Single by Joel Corry

from the album Another Friday Night
- Released: 24 January 2020
- Genre: House
- Length: 3:10
- Label: Perfect Havoc; Asylum;
- Songwriters: Joel Corry; Lewis Thompson; Neave Applebaum; Harlee Jayne Sudworth; Robert Michael Nelson Harvey;
- Producers: Joel Corry; Lewis Thompson; Neave Applebaum;

Joel Corry singles chronology
| "Sorry" (2019) | "Lonely" (2020) | "Head & Heart" (2020) |

Music video
- "Lonely" on YouTube

= Lonely (Joel Corry song) =

"Lonely" is a song by English DJ and producer Joel Corry. It features uncredited vocals from English singer Harlee.
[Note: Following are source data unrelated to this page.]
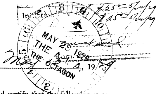
Exhibit to Record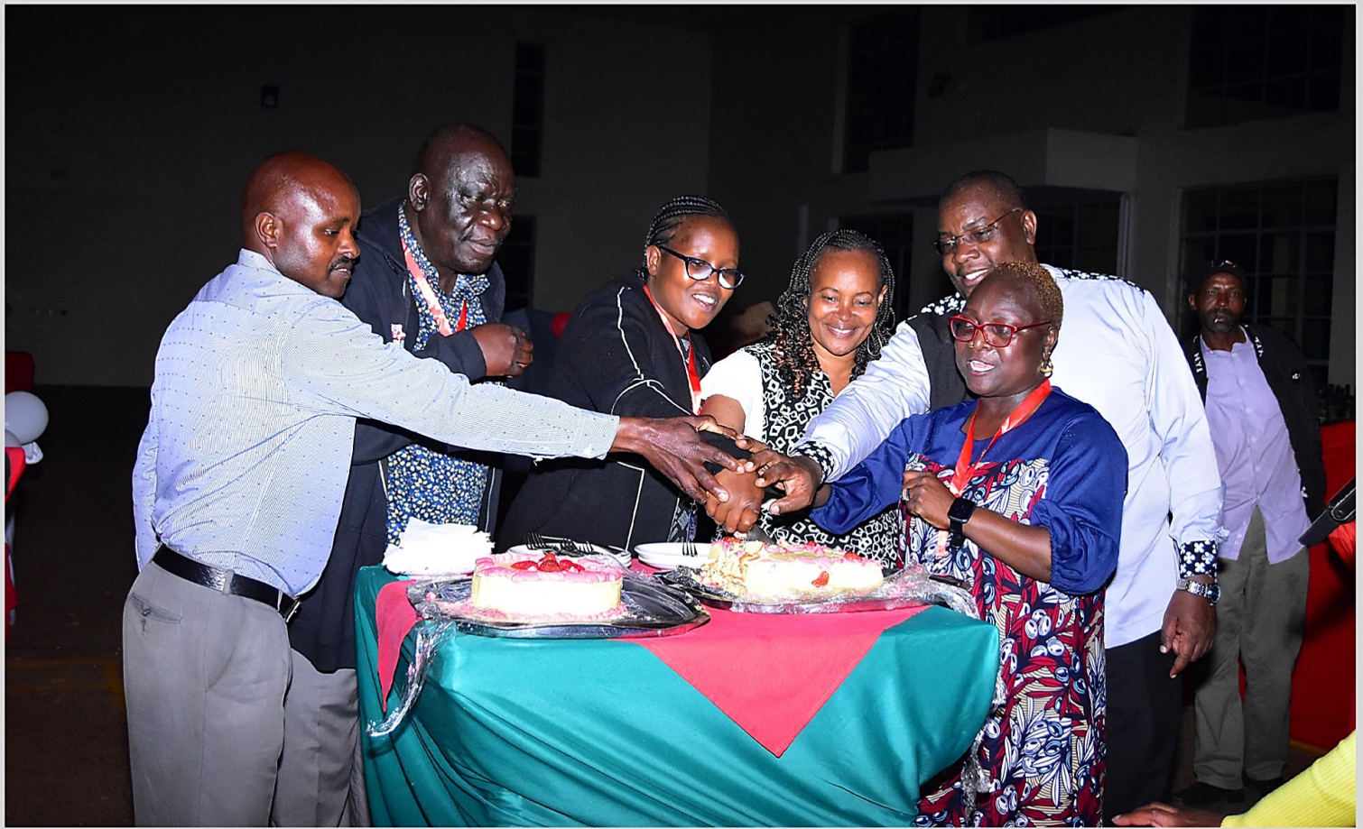
Some of the conference delegates cutting the cake during the cocktail party held at Vision 2030 Hall on 24 th May, 2023 as part of the Conference activity.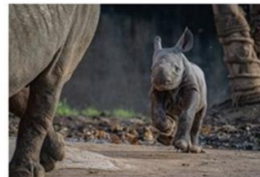
Pictured: Eastern black rhino Zuri and her new calf.

Do you know any facts about rhinos? Have you ever seen a rhino?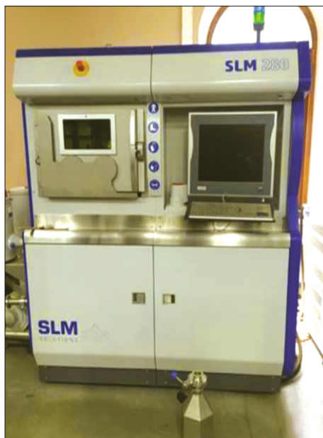
SLM Metal 3D Printer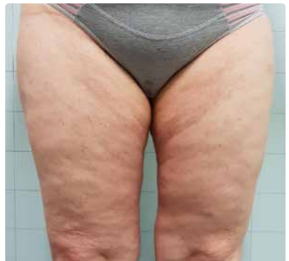
30 days after the 4 th session.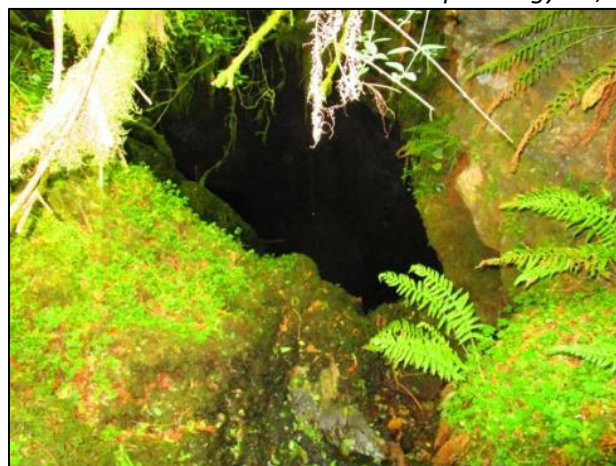
A view into the chasm.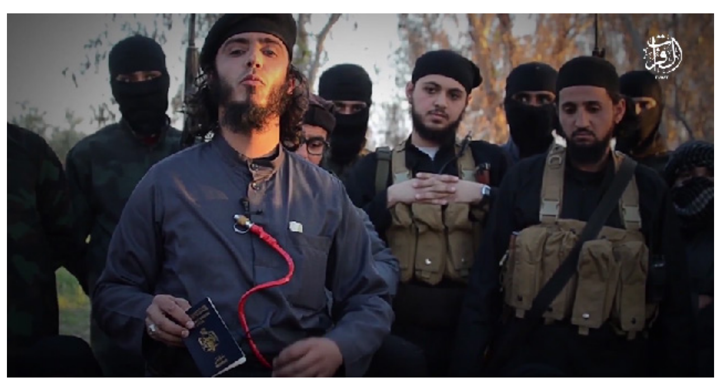
A Jordanian Islamic State fighter holds up his passport in an April 2014 Islamic State video in which fighters burned their passports.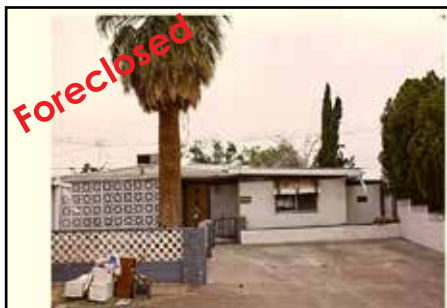
Ref #1347854 • 4 Bedrooms • 2 Baths • 1392 Sq. Ft. Year: 1957 • Lot Size: 6098 Sq. Ft. • Pool Hillcrest Manor • $98,500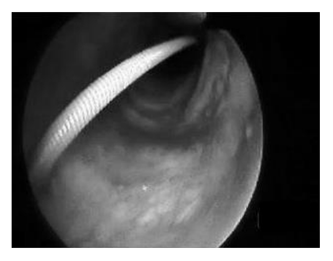
Figure 2 Endoscopic view during percutaneous tracheotomy, at the point of metal guide insertion.

Pneumonia is the most common nosocomial infection in the ICU,<sup>8-10</sup> causing important mortality,<sup>11,12</sup> prolonging mechanical ventilation and generating important costs due to the lengthening of hospital stay.<sup>13,14</sup> In our ICU we apply the ''invasive'' strategy, 15-18 based on the use of fibrobronchoscopy for microbiological diagnosis and quantitative culturing of samples selectively obtained from the purportedly affected zone. This is the strategy recommended by the main scientific societies<sup>12,19</sup> for diagnosing ventilation associated pneumonia (VAP). In our series, almost one-half of the patients subjected to BAL yielded a positive microbiological result-the technique being indicated when clinically suspecting the existence of ventilation associated pneumonia or in immune depressed patients, where BAL has been shown to offer increased performance.<sup>20</sup> The resolution of atelectasis was the most frequent therapeutic indication. The efficacy of bronchoscopy in this context is subject to controversy. Kreider et al.,<sup>21</sup> in a systematic literature review, observed important variations in the efficacy of fibrobronchoscopy, between 19 and 89%<sup>22,23</sup>-the best results being obtained in application to lobar atelectasis produced by a central mucus plug, while the poorest performance corresponded to subsegmental atelectasis. Marini et al.<sup>24</sup> compared fibrobronchoscopy versus intense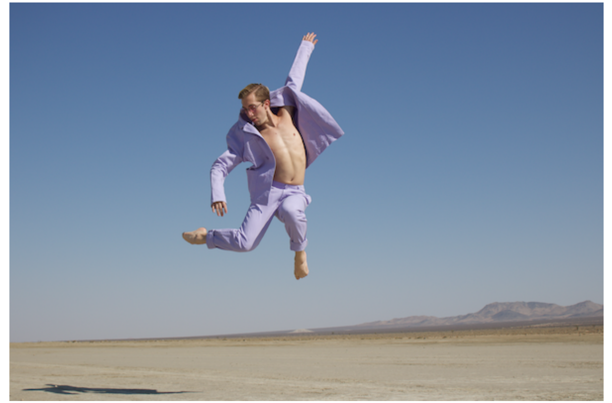
FUSE Dance. Photo courtesy of the artist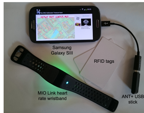
Figure 1: The THA Components

the purpose of this demonstration, a Samsung SIII phone and NFC technology [7] are used as shown in Figure 1.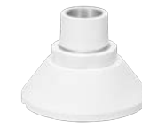
WV-QSR506F-W Mount Bracket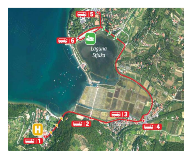
Figure 8: Leaflet with schedule, the bus route and stops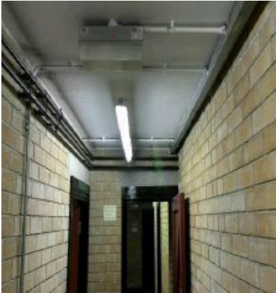
Item 13 - Ref: EA003015

The textured coating to the ceiling in the small corridor (Room 9) does not contain asbestos.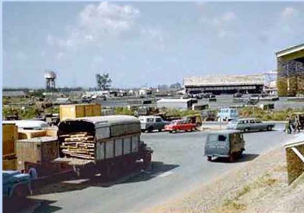
9. Tân Sơn Nhứt AB, Tango-Tower. 1968.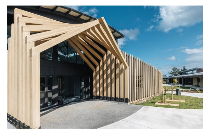
Vulcan Screening in Protector - Straw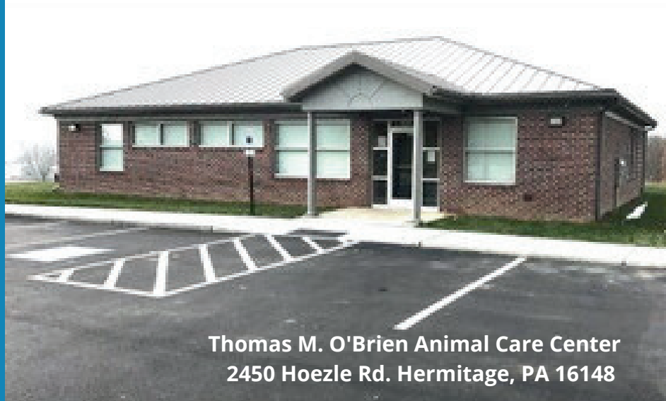
Thomas M. O'Brien Animal Care Center 2450 Hoezle Rd. Hermitage, PA 16148

For More Information about us: TailsofHopeWPA.org

It was released on 24 January 2020. On 20 March 2020, "Lonely" was certified Silver by the British Phonographic Industry, for moving 200,000 units in the UK.

==Music video==
The music video for the track was released on the 24 January 2020 and stars Aimee Corry, Cris Haris, Harlee and Joel Corry. Joel is a doctor in an institution that treats people obsessed with their smartphones. Directed by Eliot Simpson, who mentioned that the two main influences were the film "The Lobster" and the Black Mirror Episode "Nosedive". The video ends with all "patients" reconnecting with people without their phones and dance all together.

==Track listing==

Digital download
| No. | Title | Length |
|---|---|---|
| 1. | "Lonely" | 3:10 |

Digital download – The Remixes
| No. | Title | Length |
|---|---|---|
| 1. | "Lonely" (Goodboys Remix) | 2:43 |
| 2. | "Lonely" (Robbie Doherty Remix) | 5:54 |
| 3. | "Lonely" (Tobtok Remix) | 3:13 |
| 4. | "Lonely" (Next Habit Remix) | 3:25 |
| 5. | "Lonely" (Sammy Porter Remix) | 2:56 |

==Personnel==
Credits adapted from Tidal.

- Joel Corry – producer, songwriter, keyboards
- Lewis Thompson – producer, songwriter, engineer, keyboards
- Neave Applebaum – producer, songwriter, engineer, keyboards, mixer
- Harlee – songwriter, vocals, additional vocal recording
- Robert Michael Nelson Harvey – songwriter, backing vocals
- Kevin Grainger – masterer, mixer

==Charts==

===Weekly charts===

| Chart (2020) | Peak position |
|---|---|
| Belgium (Ultratip Bubbling Under Wallonia) | 18 |
| Euro Digital Song Sales (Billboard) | 18 |
| Hungary (Rádiós Top 40) | 36 |
| Hungary (Dance Top 40) | 40 |
| Ireland (IRMA) | 3 |
| Ireland Airplay (Radiomonitor) | 10 |
| Poland Airplay (ZPAV) | 9 |
| Scottish Singles Sales (Official Charts) | 5 |
| Slovenia (SloTop50) | 10 |
| UK Singles (Official Charts) | 4 |
| UK Dance (Official Charts) | 1 |
| US Hot Dance/Electronic Songs (Billboard) | 23 |

===Year-end charts===

| Chart (2020) | Position |
|---|---|
| Ireland (IRMA) | 18 |
| Poland (ZPAV) | 75 |
| UK Singles (OCC) | 14 |
| US Hot Dance/Electronic Songs (Billboard) | 74 |

==Certifications==

| Region | Certification | Certified units/sales |
| Canada (Music Canada) | Gold | 40,000^{‡} |
| New Zealand (RMNZ) | Gold | 15,000^{‡} |
| Poland (ZPAV) | Platinum | 50,000^{‡} |
| United Kingdom (BPI) | 2× Platinum | 1,200,000^{‡} |
^{‡} Sales+streaming figures based on certification alone.